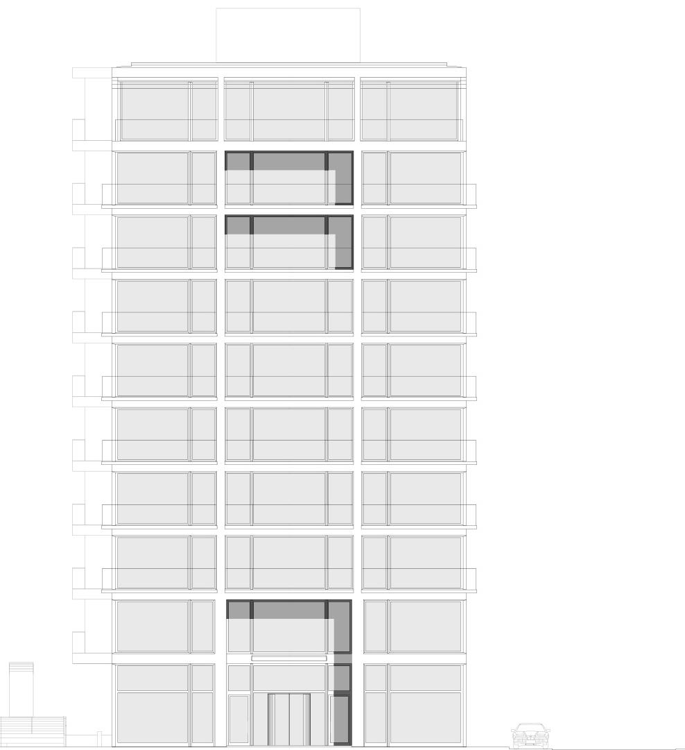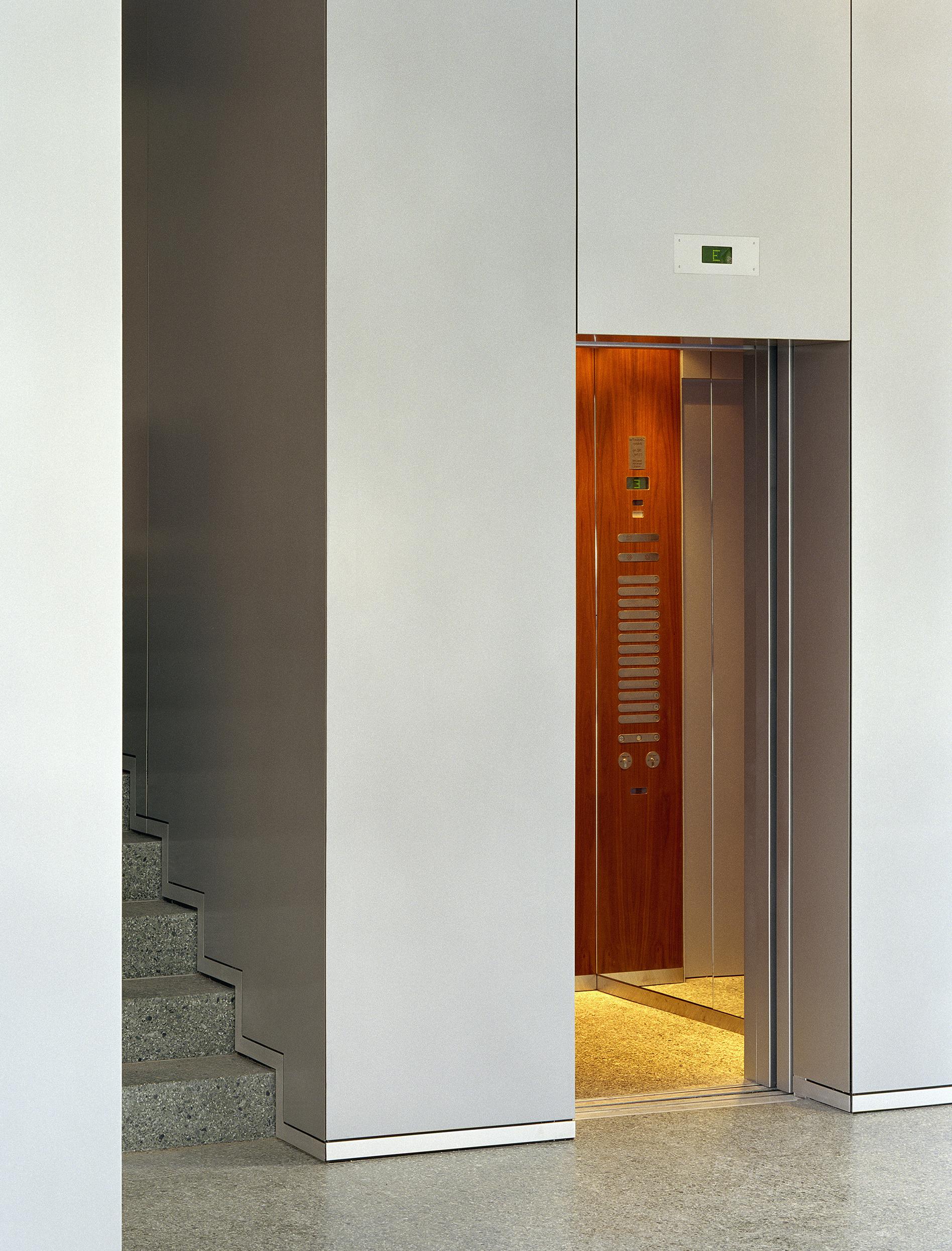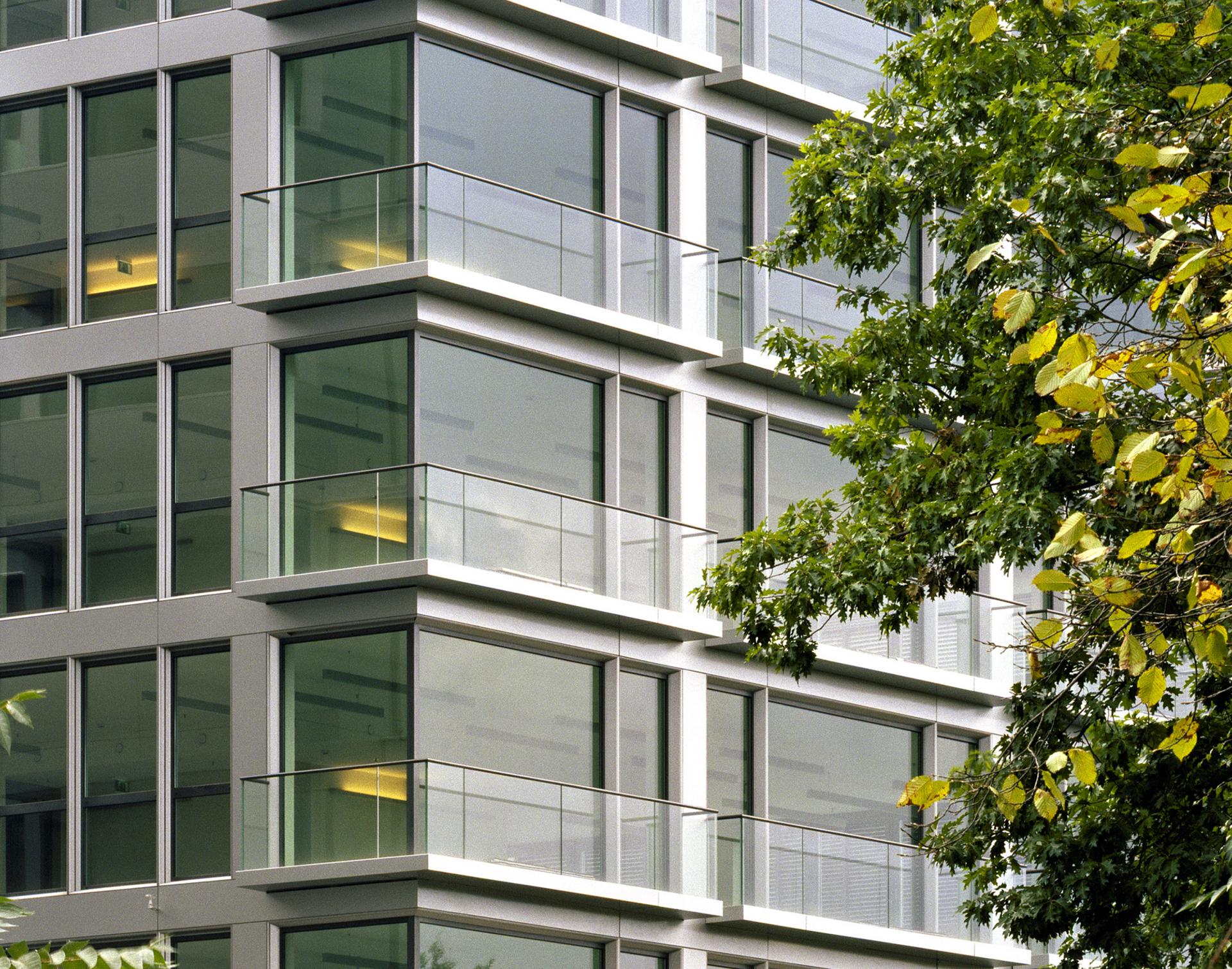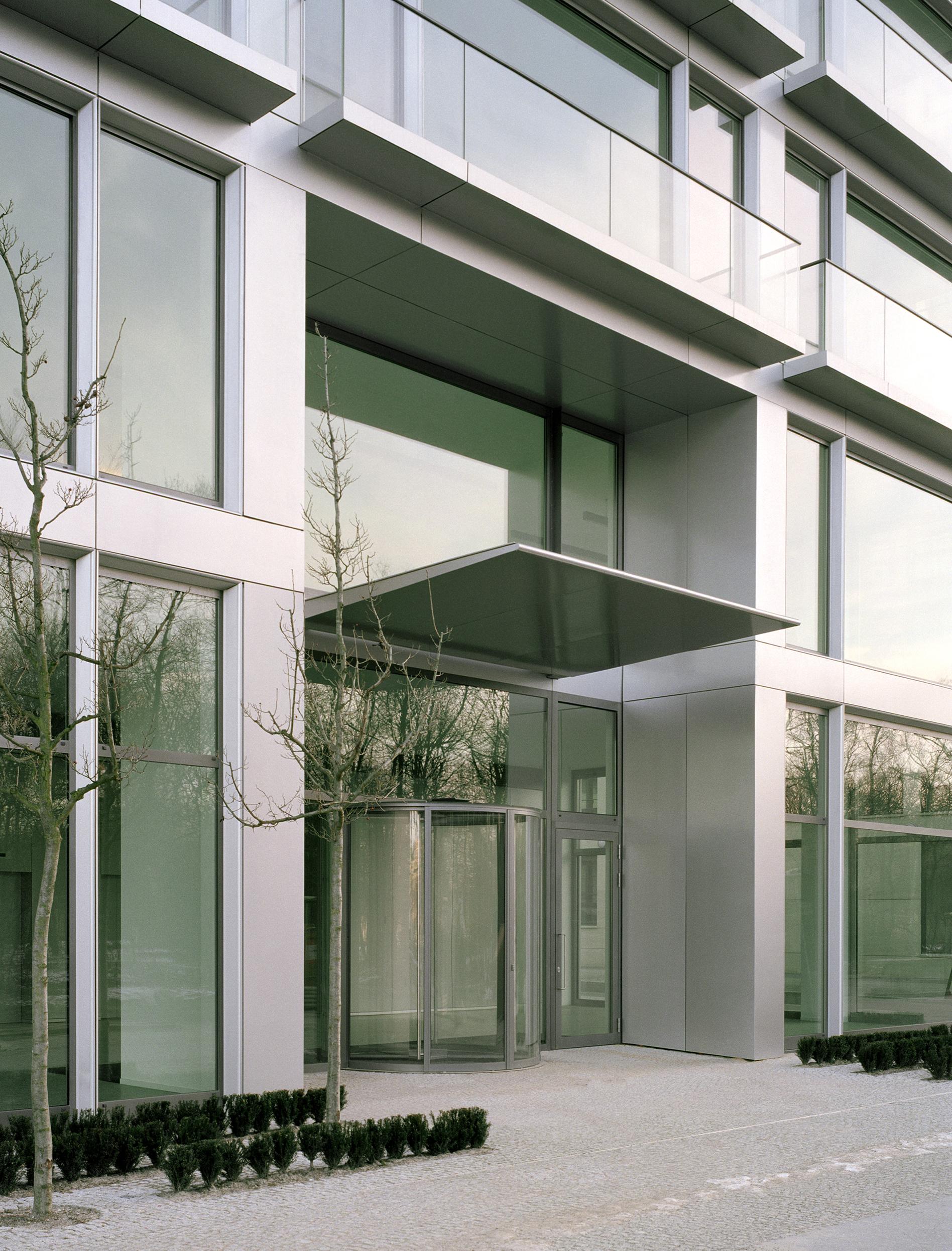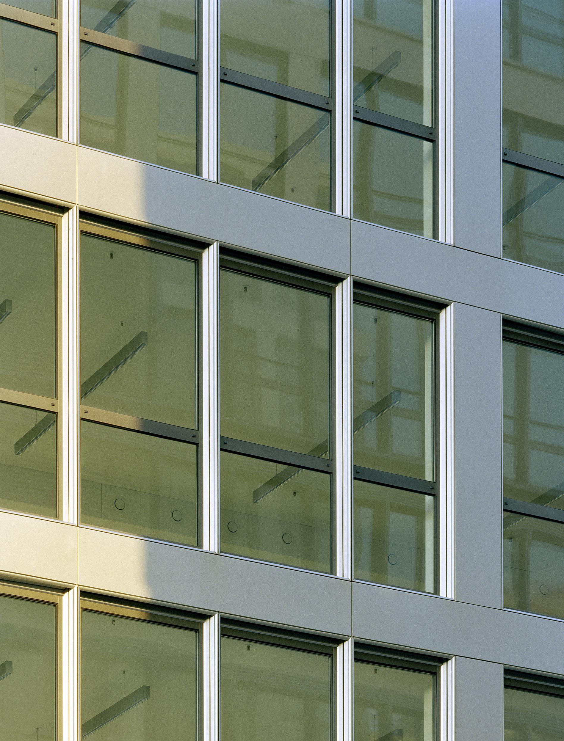 The buildings’ volume was precisely defined by urban planning stipulations. Design principles borrowed from the automotive industry helped to find an elegant façade solution as an overall concept. It solves the design problem of conventional grid façades, with their visible connections to interior walls and wide structural elements, in a new way. The special value of the building is created, among other things, by its high-quality detailing and stringency.
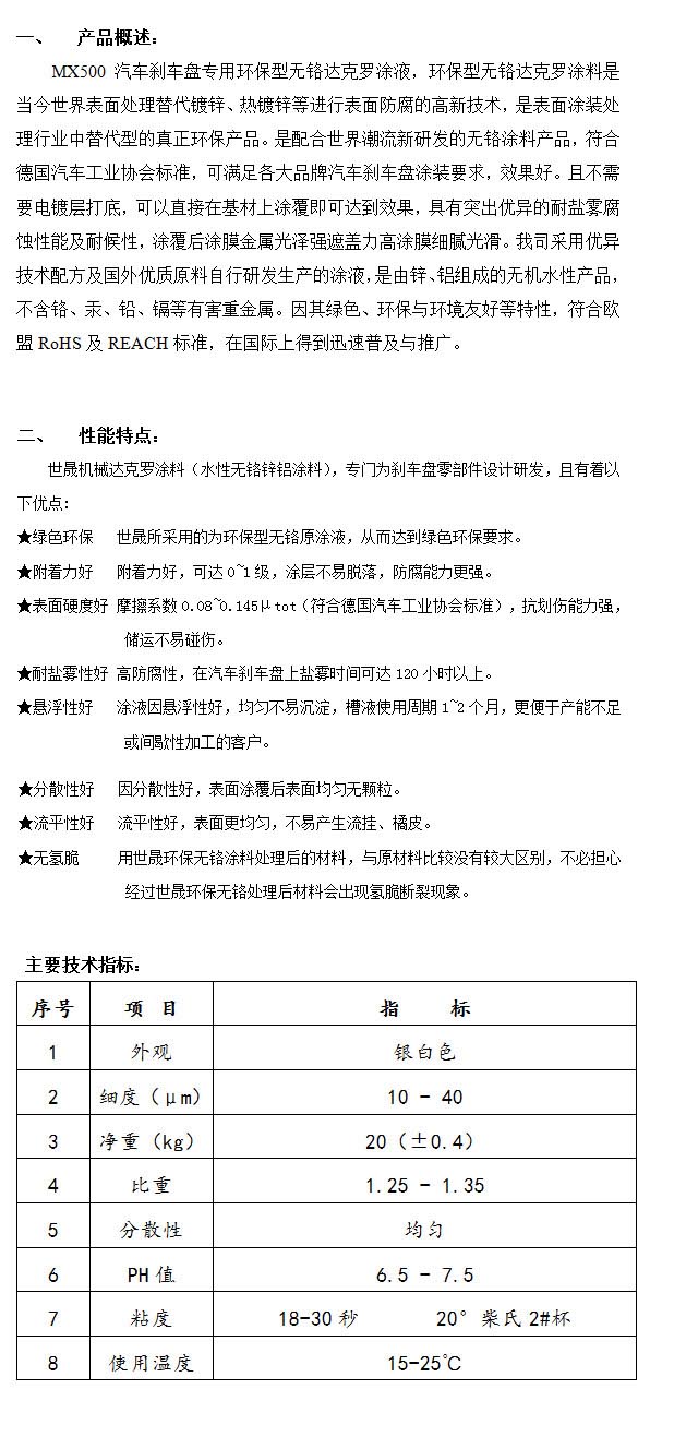 產(chǎn)品名稱:MX500汽車剎車盤專用環(huán)保型無鉻達(dá)克羅涂液
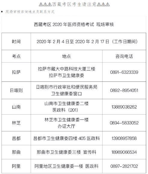 2020年西藏醫(yī)師資格報(bào)名現(xiàn)場(chǎng)審核時(shí)間、地點(diǎn)
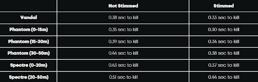 Now, what does an increased ROF represent? Basically, when you think of a bigger fire rate you are looking at a bigger potential damage output, which can be translated as a lower time needed to get a kill or destroy an object, like Sage’s wall and Killjoy’s turret. Thus, an increase in the ROF can be read as a decrease in the time needed to kill something. In the table chart below, you can see the effects of a 15% increase in ROF, the same buff provided by the Stim Beacon, in three of the most used weapons in the game (namely the Vandal, Phantom, and Specter) while considering only body shots and no misses in a full health target:
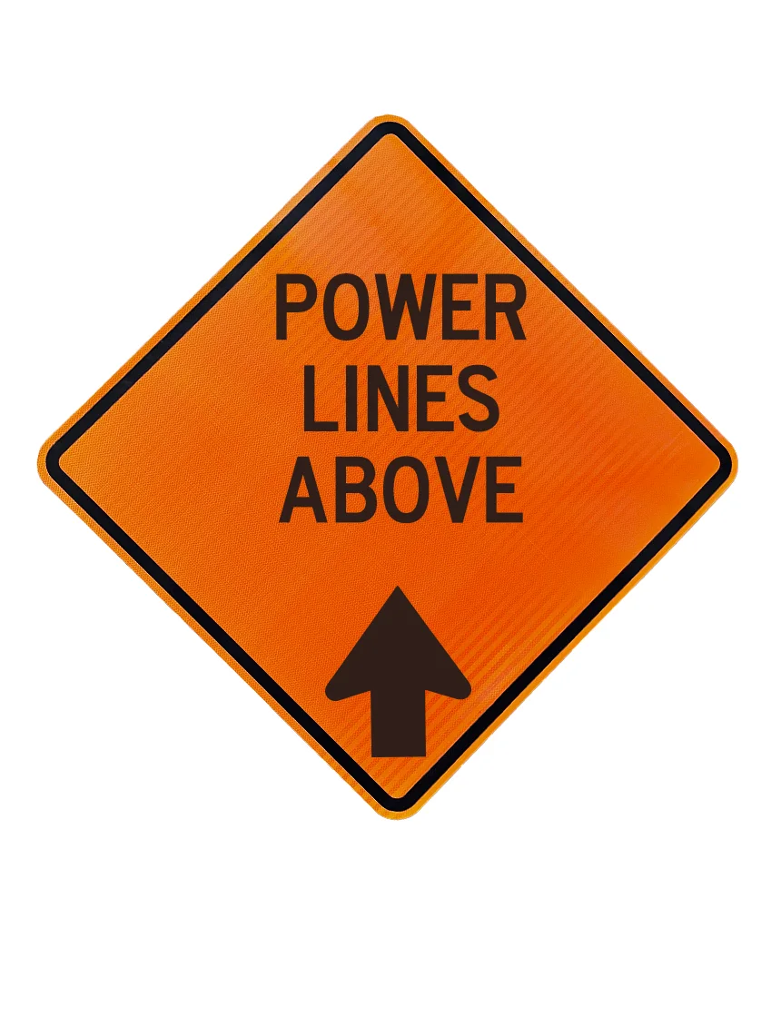 36", Aluminum, High Intensity Reflective Sign, Power Lines Above w/ Bottom Arrow
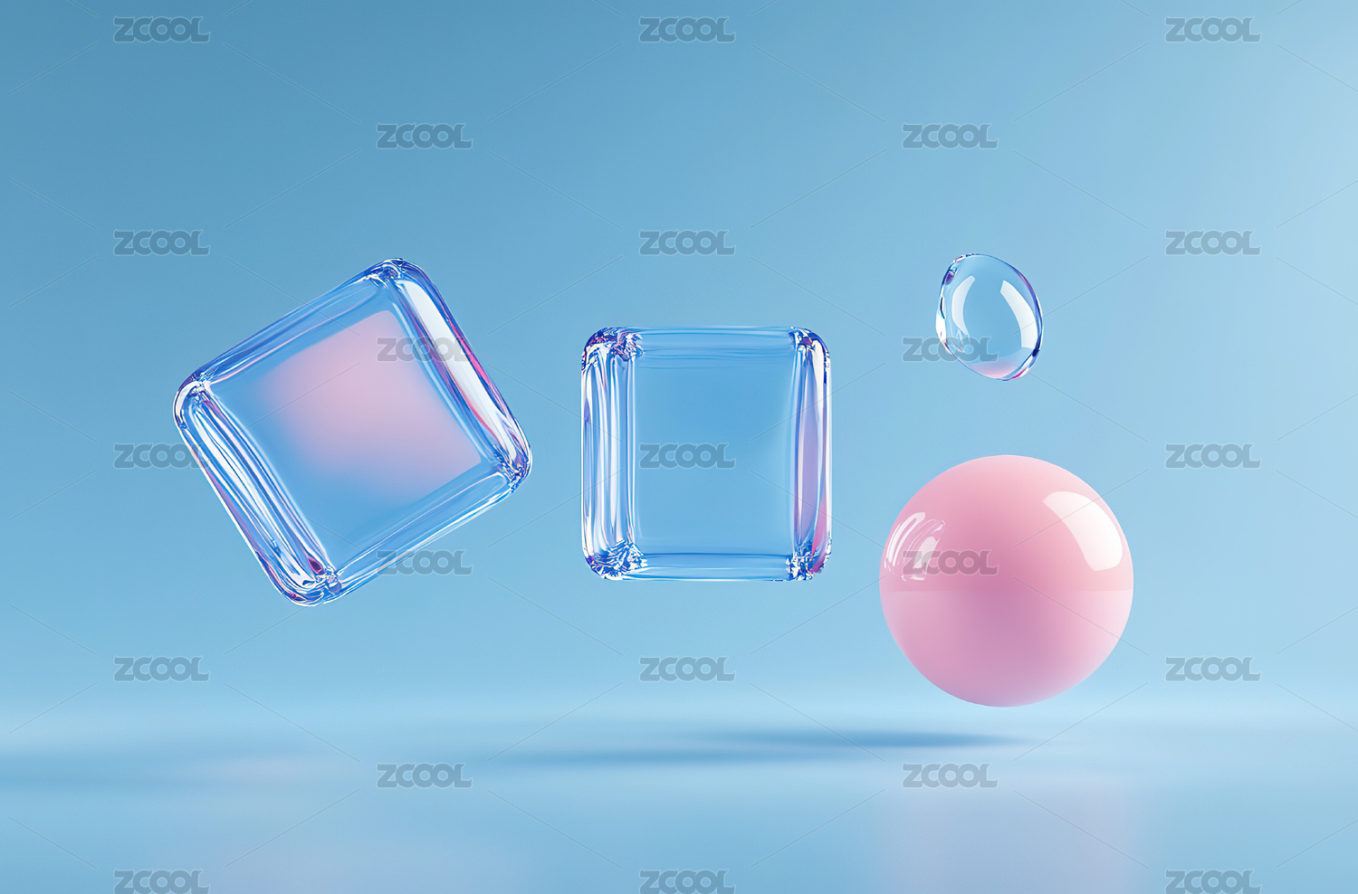 明亮透明玻璃几何体3D渲染
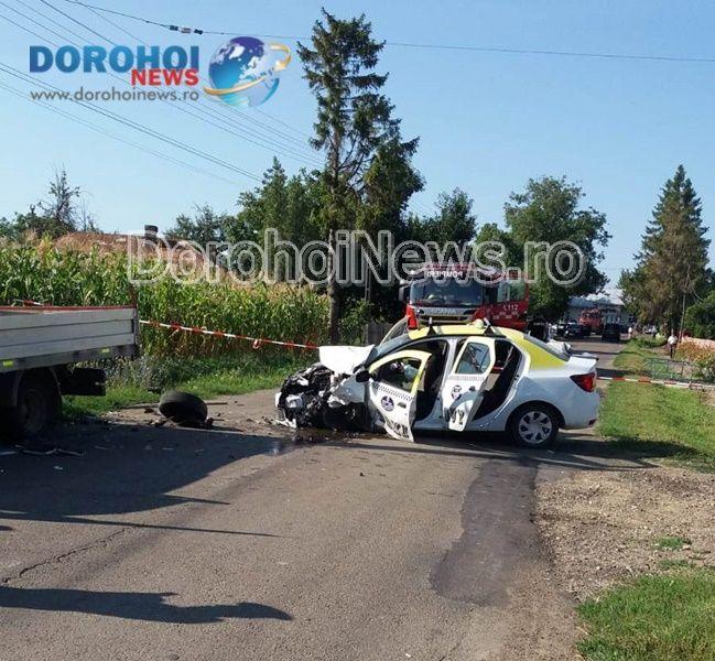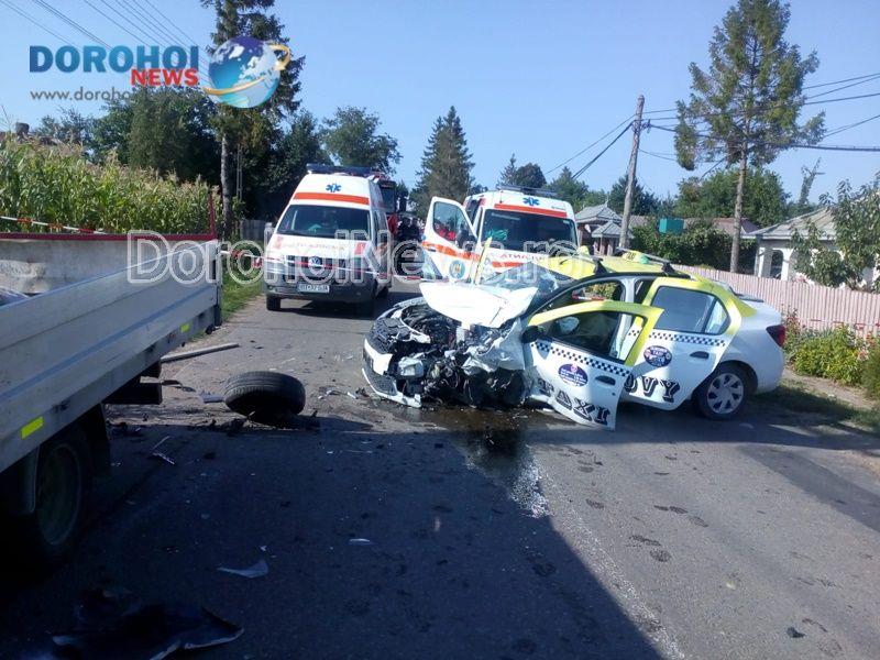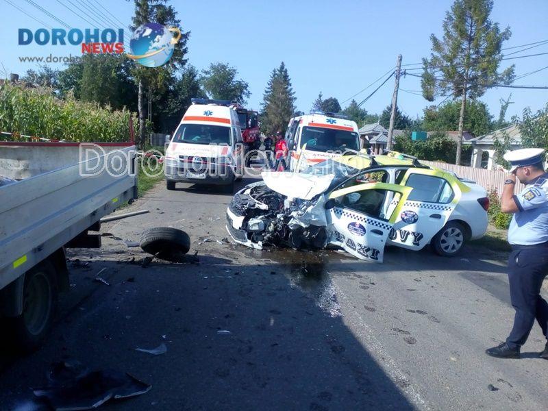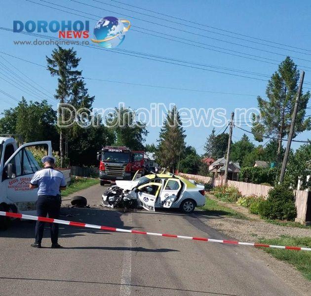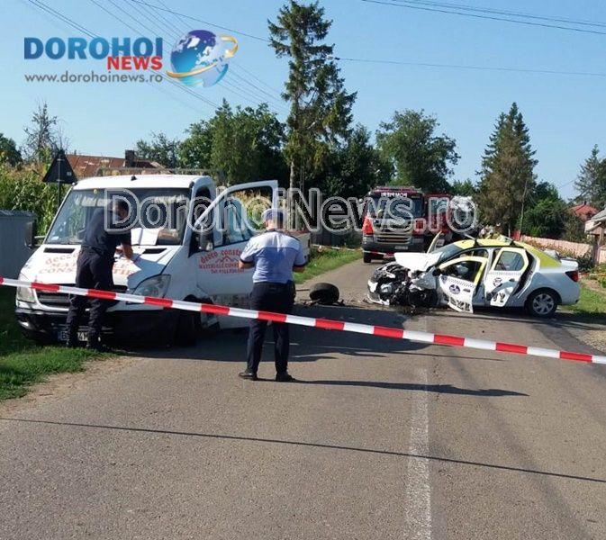 Un accident soldat cu trei victime a avut loc, sâmbătă dimineață, pe drumul județean DJ 292, pe raza localității Broscăuți. Un taxi a intrat în coliziune cu o camionetă, după ce taximetristul a intrat pe contrasens.
══════════════════════════════
TASK BRIEF >>
Each record above should be repeated exactly, please, without pictures.

ANSWER SPACE >>
 The buildings’ volume was precisely defined by urban planning stipulations. Design principles borrowed from the automotive industry helped to find an elegant façade solution as an overall concept. It solves the design problem of conventional grid façades, with their visible connections to interior walls and wide structural elements, in a new way. The special value of the building is created, among other things, by its high-quality detailing and stringency.
 產(chǎn)品名稱:MX500汽車剎車盤專用環(huán)保型無鉻達(dá)克羅涂液
 2020年西藏醫(yī)師資格報(bào)名現(xiàn)場(chǎng)審核時(shí)間、地點(diǎn)
 Now, what does an increased ROF represent? Basically, when you think of a bigger fire rate you are looking at a bigger potential damage output, which can be translated as a lower time needed to get a kill or destroy an object, like Sage’s wall and Killjoy’s turret. Thus, an increase in the ROF can be read as a decrease in the time needed to kill something. In the table chart below, you can see the effects of a 15% increase in ROF, the same buff provided by the Stim Beacon, in three of the most used weapons in the game (namely the Vandal, Phantom, and Specter) while considering only body shots and no misses in a full health target:
 36", Aluminum, High Intensity Reflective Sign, Power Lines Above w/ Bottom Arrow
 明亮透明玻璃几何体3D渲染
 Un accident soldat cu trei victime a avut loc, sâmbătă dimineață, pe drumul județean DJ 292, pe raza localității Broscăuți. Un taxi a intrat în coliziune cu o camionetă, după ce taximetristul a intrat pe contrasens.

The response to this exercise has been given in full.